Convincing. Ill just get the 40


----------



## EZ707 (Apr 5, 2015)

So how do these trackers do in salt water?


----------



## mbweimar (Apr 5, 2015)

If it helps at all I believe the ETEC 40's weight 232 lbs.


----------



## EZ707 (Apr 5, 2015)

Your right.


----------



## rscottp (Apr 5, 2015)

EZ707 said:


> So how do these trackers do in salt water?



Should be fine if you trailer it. Rinse everything in fresh water after use. The trailer will eventually fall apart.


----------



## EZ707 (Apr 5, 2015)

As long as the boat floats for the next 8 or so years


----------



## rscottp (Apr 5, 2015)

Mine is still going strong after 19 years in the salt. I am on the second trailer!


----------



## EZ707 (Apr 5, 2015)

Awesomd news. Trailers are easier to replace than boats. Its to be expected in salt water


----------



## nowgrn4 (Apr 5, 2015)

2 things can help if it does dip a bit in the back with the E-Tek.
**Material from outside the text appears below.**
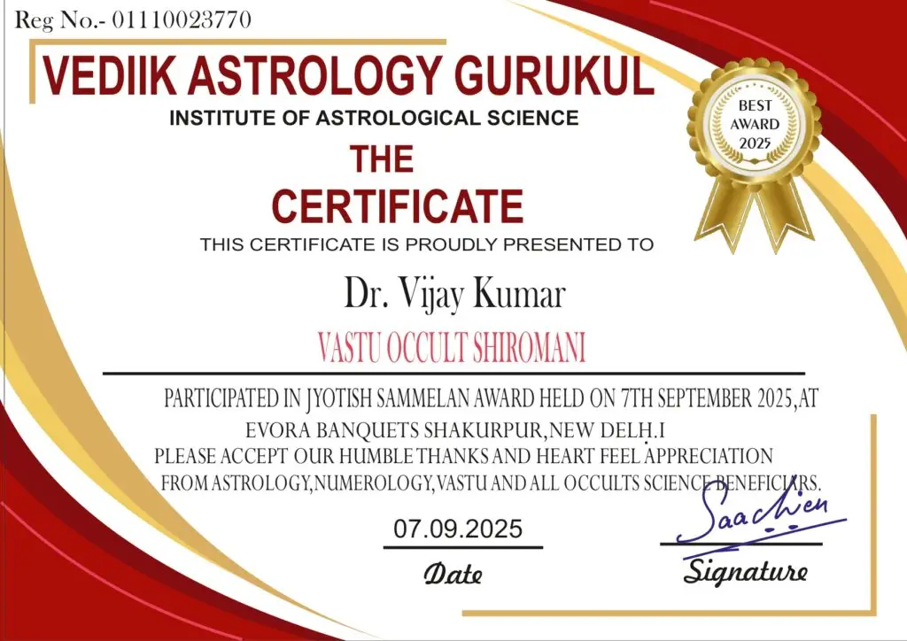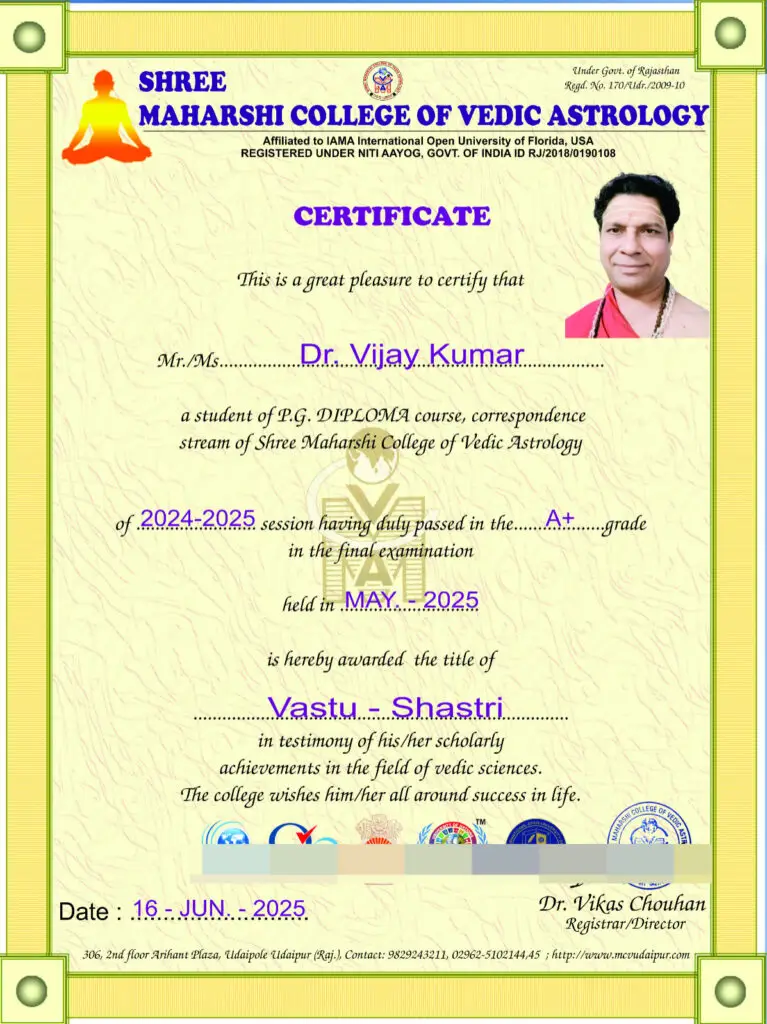 Dr. Vijay Vashist earned his Vastu Shastri degree through rigorous study and lineage-guided practice, integrating classical texts with contemporary applications. His approach honors the spiritual essence of Vastu while offering practical solutions for homes, institutions, and sacred spaces. This degree reflects not only academic achievement but also a dharmic commitment to restoring balance and resonance in the built environment.

Move both batteries to up under the front casting platform and or add a pair of transom pods.


----------



## EZ707 (Apr 5, 2015)

I was thinking of doing that. Either the battery or a 12 gal gas tank i want to put on it. I need to take some measurements to see if it is possible


----------



## mbweimar (Apr 5, 2015)

You'll be able to run forever on 12 gallons!


----------



## EZ707 (Apr 5, 2015)

Exactly.


----------



## mbweimar (Apr 6, 2015)

I purchased two 6 gallon tanks for my boat when it was new. I found that I could run about 74 miles on 12 gallons.


----------



## EZ707 (Apr 6, 2015)

Oh man? With my 2 stroke 30 hp i got in about 20 miles with a gallon left over


----------



## nowgrn4 (Apr 6, 2015)

When I decided to move my group 27 cranking battery to up front next to my group 31 AGM TM battery I got sticker shock pricing marine wire at West Marine. I used the wire from these I bought at lowes. https://www.lowes.com/pd_150923-878...pl=1&currentURL=?Ntt=jumper+cables&facetInfo= West marine wanted $5 a foot for a single wire. :shock: :shock: :shock: 

Disclaimer: Yes I know it's not Mil.Spec., Yes I know It's not tinned for corrosion resistance, Yes I know you will have to wrap the negative lugs with black electrical tape.

At less than 1/5th the price of the good stuff it works fine for my fresh water application. :mrgreen: Just thought I'd share for any other "Frugal" members here.


----------



## mbweimar (Apr 6, 2015)

Whoops, that was supposed to say 42. Sorry.


----------



## EZ707 (Apr 6, 2015)

I probably will end up getting wire from west marine just because of the salt i spend half the year in


----------



## rscottp (Apr 6, 2015)

You can find tinned marine wire online way way cheaper than west marine! Check out the "Materials for your conversion" link to find some suggestions.


----------



## EZ707 (Apr 6, 2015)

Cool guys thanks


----------



## EZ707 (Apr 14, 2015)

Ok so the wireing job needs to begin. Can u guys help me get some parts together. I got some tinned copper 16 gage wire. Is that to thick? If anyone has a picture of a diagram that works for them that would help


----------



## Flyerskip (Apr 17, 2015)

I know this is a little off topic but then again it's not. Your Tracker V-16..... Is it an open boat ? One with just standard aluminum bench seats? No console or decking? I have a 93 V-16 that has the bench type seats like you find in something like a Blue Star. I can't find another Tracker V-16 with that type of seat. Thanks
I pulled out the wood deck someone installed in this boat and left it out.. It's a great boat.


----------



## EZ707 (Apr 17, 2015)

Mine has a floor and it is open. The seats are on the sides which leaves the center open. No steering its a tiller model


----------



## EZ707 (Apr 22, 2015)

Here's the last seat on her.


----------



## EZ707 (May 7, 2015)

Heres the 2015 etec 40
https://youtu.be/bFxChAuF1YQ


----------



## EZ707 (May 23, 2015)

Does anyone have experience with the floor supports on these older trackers? I really dont feel like bringing up the floor to check them.


----------